It is all too easy to look back at how the Global Financial Crisis unfolded and, with the benefit of hindsight, see where the vulnerabilities in the global economy were that resulted in the Crisis and the subsequent Great Recession.

That being said, it’s hardly the case that we were completely unaware of the pressure points in the lead up to the Crisis. There was certainly commentary on global imbalances—reflecting factors such as the inevitabilities of global demographic changes and a ‘re-emerging’ Asia resuming its place as an economic powerhouse—as well as discussion about the macroeconomic and structural policy choices facing key economies. Some of these issues were very much in the G20 agenda in the early-to-mid 2000s – for example demography, which was a key issue when Australia last hosted the G20 in 2006, back prior to the participation of Leaders in the G20 process.

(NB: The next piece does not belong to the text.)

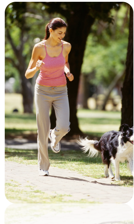
Current physical activity guidelines suggest that aerobic activity should be accumulated in bouts of at least 10 minutes in duration.

be looking for specific markers that predispose people to higher risks for certain conditions. The physical activity and sleep data we collect from wearable devices will be used to track compliance to individualized behavior prescriptions while attempting to optimize each individual's health."

While there was awareness of pressure points and vulnerabilities, even the emergence of key systemic risks, the so-called Great Moderation largely lulled investors — and many policymakers alike — into thinking that volatility would remain low, spurring a search for yield and higher leverage. This is a pattern we’ve seen in periods preceding other financial crises, and indeed some of these risk characteristics are evident now (albeit not involving leverage).

While the risks and vulnerabilities were perhaps clearer at the macro level, what remained obscured was how the search for yield was being intermediated. There were clear cases of mispricing of risks, with the US housing boom the prime example.

But it was not merely the existence of asset-price bubbles in the lead up to the Crisis that was the sole source of the problem. Accurate assessment of the real risks from these bubbles was made vastly more complicated by the increasingly complex and often opaque inter-linkages between the macroeconomy and the financial sector. The complexity of financial instruments also contributed, as a situation evolved where investors did not fully understand the nature of the instruments they were buying and selling, despite devouring them whole.5 As some of these instruments had direct ties to the real economy, there was a fundamental misunderstanding of the risks that had built up between the real economy and the financial sector.

The increasingly obscure linkages between the real and financial world made the nature and sustainability of growth somewhat ambiguous.

The fruits of this complacency can be seen in a number of structural weaknesses in the fiscal and structural policy settings of some of the world’s major economies during the 2000s. For example, with a few notable exceptions such as Germany, countries within the euro area were content to simply discuss structural reform during the good times, and do little to safeguard fiscal sustainability. Similarly in the United States, despite the jobless recovery of the 2000-01 recession, the wider economy performed comparatively well, breeding a degree of lassitude in policymakers’ willingness to tackle fiscal sustainability issues – something that to various extents is also true of other Anglophone economies.

Arguably, many emerging economies were in better shape in the lead up to the Global Financial Crisis, not least because their own crisis experiences during the 1990s induced difficult reforms. But even in many of these economies, reforms necessary for rebalancing growth were avoided.

Collectively, this risk taking by private agents — fuelled by complacency about the fallout from growth prospects and volatility — combined with government complacency over prudent policy settings, morphed into higher public debt in many countries as private losses were absorbed by the state. This manifested in a sovereign debt crisis in countries that could not borrow in their own currency.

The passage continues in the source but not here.